Using cutting-edge CT-scanning techniques and 3D modeling, the researchers were able to reconstruct the inner ear of dozens of mammalian ancestors from the South African Karoo and elsewhere in the world, and managed to point out exactly which species had an inner ear anatomy consistent with a warmer body temperature, and which ones did not.

A change of paradigm

Until now the general expectation was that endothermy arose very close to the Permo-Triassic boundary, about 252 million years ago, or perhaps closer to the origin of mammals 200 million years ago. The new results suggest that endothermy appeared in mammalian ancestors some 233 million years ago. This new date is consistent with the recent findings that many of the traits usually associated with “mammalness,” such as whiskers and fur, also evolved earlier than previously expected. More importantly, the results support that the evolutionary transition to warmbloodedness was unexpectedly fast.
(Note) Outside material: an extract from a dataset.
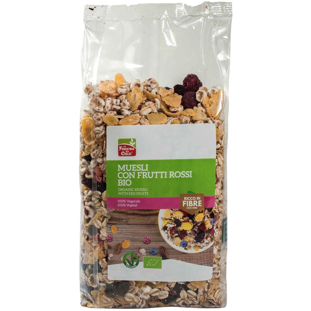 Il Muesli con Frutti Rossi Bio de La Finestra sul Cielo è un gustoso mix di bontà e natura; con cereali e frutta disidratata da agricoltura biologica. Croccante e perfetto per la colazione, questo muesli bio è un vero e proprio connubio di fibre, vitamine e sali minerali, ma senza rinunciare alla bontà.

“Contrary to current scientific thinking, our paper surprisingly demonstrates that the acquisition of endothermy seems to have occurred very quickly in geological terms, in less than a million years,” says Dr. Ricardo Araújo, Junior Researcher at Instituto de Plasmas e Fusão Nuclear, Instituto Superior Técnico, University of Lisbon and Lead Author on the paper. “It was not a gradual, slow process over tens of millions of years as previously thought, but maybe was attained quickly when triggered by novel mammal-like metabolic pathways and origin of fur.”

“The origin of mammalian endothermy is one of the great unsolved mysteries of paleontology,” says Dr. Kenneth D. Angielczyk, MacArthur Curator of Paleomammalogy at Field Museum of Natural History, USA and Senior Author on the paper.

“Many different approaches have been used to try to predict when it first evolved, but they have often given vague or conflicting results. We think our method shows real promise because it has been validated using a very large number of modern species, and it suggests that endothermy evolved at a time when many other features of the mammalian body plan were also falling into place.”

Reference: “Inner ear biomechanics reveals a Late Triassic origin for mammalian endothermy” by Ricardo Araújo, Romain David, Julien Benoit, Jacqueline K. Lungmus, Alexander Stoessel, Paul M. Barrett, Jessica A. Maisano, Eric Ekdale, Maëva Orliac, Zhe-Xi Luo, Agustín G. Martinelli, Eva A. Hoffman, Christian A. Sidor, Rui M. S. Martins, Fred Spoor and Kenneth D. Angielczyk, 20 July 2022, Nature.